What does it cost to develop a bred heifer?
October 13, 2016
BROOKINGS, S.D. – Given the current economic situation, when it comes to raising their own replacement heifers, cattle producers need to sharpen their pencils and to ensure profits are still there at the end of the day.
"With all the day-to-day tasks that need to get done, it is easy to stick to tradition and ignore the fact that what has always been done in the past, may not make "cents" this year," said Heather Gessner, SDSU Extension Livestock Business Management Field Specialist.
Below, Gessner, together with Taylor Grussing, SDSU Extension Cow/Calf Field Specialist take an in-depth look at the costs associated with replacement heifers.
"Producers often overlook replacement heifer development plans," said Grussing, of the plans which are most often implemented soon after weaning. "Producers that have not evaluated the cow costs or heifer development costs may not be using the best replacement method for their operation."

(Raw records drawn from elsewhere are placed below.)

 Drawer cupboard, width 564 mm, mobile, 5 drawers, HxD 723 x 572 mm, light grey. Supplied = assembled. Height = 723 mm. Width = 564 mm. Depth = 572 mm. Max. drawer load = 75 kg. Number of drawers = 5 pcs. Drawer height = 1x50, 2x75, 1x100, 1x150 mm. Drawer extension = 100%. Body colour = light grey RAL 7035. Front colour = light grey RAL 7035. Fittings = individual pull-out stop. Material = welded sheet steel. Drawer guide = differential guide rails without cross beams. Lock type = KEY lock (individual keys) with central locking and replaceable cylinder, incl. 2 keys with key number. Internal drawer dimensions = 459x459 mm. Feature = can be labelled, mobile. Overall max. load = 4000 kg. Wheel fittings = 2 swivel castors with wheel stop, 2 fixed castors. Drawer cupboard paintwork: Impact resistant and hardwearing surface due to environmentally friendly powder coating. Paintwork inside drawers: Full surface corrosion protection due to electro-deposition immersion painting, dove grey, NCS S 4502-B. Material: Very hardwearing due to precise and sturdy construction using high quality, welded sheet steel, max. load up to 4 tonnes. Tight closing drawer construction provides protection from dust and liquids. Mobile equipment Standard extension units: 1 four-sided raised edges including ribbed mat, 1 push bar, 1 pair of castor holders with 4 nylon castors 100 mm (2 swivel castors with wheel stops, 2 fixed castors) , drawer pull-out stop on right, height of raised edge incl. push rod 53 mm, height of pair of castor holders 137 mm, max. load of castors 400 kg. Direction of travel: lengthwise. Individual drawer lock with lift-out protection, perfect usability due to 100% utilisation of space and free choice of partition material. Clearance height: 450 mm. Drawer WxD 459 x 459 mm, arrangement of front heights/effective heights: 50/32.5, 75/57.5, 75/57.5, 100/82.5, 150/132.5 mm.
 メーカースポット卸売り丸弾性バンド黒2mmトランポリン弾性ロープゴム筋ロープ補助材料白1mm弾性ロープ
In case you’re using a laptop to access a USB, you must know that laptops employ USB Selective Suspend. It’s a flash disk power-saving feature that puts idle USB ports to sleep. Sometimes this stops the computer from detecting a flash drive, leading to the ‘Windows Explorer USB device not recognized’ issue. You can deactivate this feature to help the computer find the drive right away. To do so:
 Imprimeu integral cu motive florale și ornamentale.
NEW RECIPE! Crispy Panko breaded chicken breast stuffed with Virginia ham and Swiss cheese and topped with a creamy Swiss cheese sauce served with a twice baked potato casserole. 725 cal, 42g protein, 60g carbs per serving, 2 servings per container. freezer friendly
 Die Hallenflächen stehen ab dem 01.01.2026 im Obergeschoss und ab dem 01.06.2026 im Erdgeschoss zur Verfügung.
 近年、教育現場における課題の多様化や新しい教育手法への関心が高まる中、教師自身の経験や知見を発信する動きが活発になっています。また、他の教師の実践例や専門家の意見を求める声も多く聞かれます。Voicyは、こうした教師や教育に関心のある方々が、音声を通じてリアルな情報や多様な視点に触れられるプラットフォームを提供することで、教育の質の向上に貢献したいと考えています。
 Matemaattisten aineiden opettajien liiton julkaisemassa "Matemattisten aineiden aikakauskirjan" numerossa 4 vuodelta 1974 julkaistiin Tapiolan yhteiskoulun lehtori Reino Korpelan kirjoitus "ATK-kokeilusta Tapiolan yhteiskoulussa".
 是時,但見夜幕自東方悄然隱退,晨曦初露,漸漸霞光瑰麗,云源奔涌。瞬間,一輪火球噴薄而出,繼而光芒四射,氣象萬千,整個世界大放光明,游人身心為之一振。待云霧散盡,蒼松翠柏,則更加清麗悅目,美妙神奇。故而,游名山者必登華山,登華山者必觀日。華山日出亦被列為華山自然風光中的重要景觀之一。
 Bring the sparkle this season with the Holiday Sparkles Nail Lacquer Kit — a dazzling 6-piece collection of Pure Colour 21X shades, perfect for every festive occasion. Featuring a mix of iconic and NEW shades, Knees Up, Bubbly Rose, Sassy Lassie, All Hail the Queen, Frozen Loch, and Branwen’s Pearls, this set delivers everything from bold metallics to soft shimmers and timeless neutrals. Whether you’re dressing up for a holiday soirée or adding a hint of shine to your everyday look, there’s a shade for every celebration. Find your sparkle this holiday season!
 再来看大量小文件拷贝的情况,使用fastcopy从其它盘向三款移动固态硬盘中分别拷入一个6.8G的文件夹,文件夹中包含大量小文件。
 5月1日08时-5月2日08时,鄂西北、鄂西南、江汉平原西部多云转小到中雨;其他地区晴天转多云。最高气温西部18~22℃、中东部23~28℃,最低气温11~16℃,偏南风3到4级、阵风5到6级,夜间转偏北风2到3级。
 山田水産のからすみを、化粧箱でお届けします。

“Producers often overlook replacement heifer development plans. Producers that have not evaluated the cow costs or heifer development costs may not be using the best replacement method for their operation.”Taylor Grussing, SDSU Extension cow/calf field specialist
Recommended Stories For You
Grussing explained that just because heifers have been kept in the past, it does not mean they need to be kept every year.
Here are a few questions Grussing encouraged cattle producers to ask themselves before raising replacement heifers this fall vs. buying replacement heifers.
Does it make financial sense this year?
Did you considered the true cost of raising replacement heifers?
Can value be realized by selling feeder heifers and buying bred heifers later?
What factors or opportunity costs need to be accounted for when making this decision?
Costs of raising replacement heifers
"Many heifer development expenses do not require producers to actually write a check, thus are often unaccounted for in the heifer development budget," explained Gessner.
These fixed expenses, Gessner said include costs that will occur regardless of the number of heifers kept for development (example: feeder wagon, tractor, pickup).
Another common item missing in the budget, Gessner said, is cow depreciation.
"Cow depreciation needs to be accounted for, especially when purchase price, salvage value and years of service may differ from year to year," she said.
Depreciation Gessner explained, also serves as an indicator when evaluating if replacement heifers are to be raised and developed or bought as bred heifers.
"Value can also be lost because of not taking into consideration the opportunity cost of production," Gessner said.
The heifer calf has a market value at weaning. The bred heifer enterprise should "purchase" the heifer calf at either the market price (sale barn price per pound) or the cow costs incurred to grow the calf from breeding to weaning.
When penciling this out, Gessner recommended to start by assigning values to records in a budget to determine the cost of production, distinguishing direct from fixed expenses (Table 1).
Other expenses/opportunity costs that might not fall into the above categories but may need a value assigned to them include:
* Value of the heifer calf;
* Extra pen/pasture to manage heifers separately from mature cows;
* Extra Bulls – maintenance/feed costs and purchase of calving-ease heifer bulls;
* Pregnancy Rate: 5 – 10 percent of replacements will not breed and their expenses need to be accounted for (Replacement charge per cow);
* Cull percentage & resale value of culls; and
* Death losses.
Using a budget will help the total costs of raising replacement heifers.
Table 2 gives an example of the cost of production of raising a replacement heifer from 2015 weaning, to fall 2016 pregnancy check.
"These are just some of the things a producer needs to consider when creating a replacement heifer development plan," Grussing said. "Having a heifer development plan can help producers determine the best use of their resources."
The SDSU Extension Specialists all agreed that this is especially true when there are expectations of lower profit margins as a result of depressed market prices.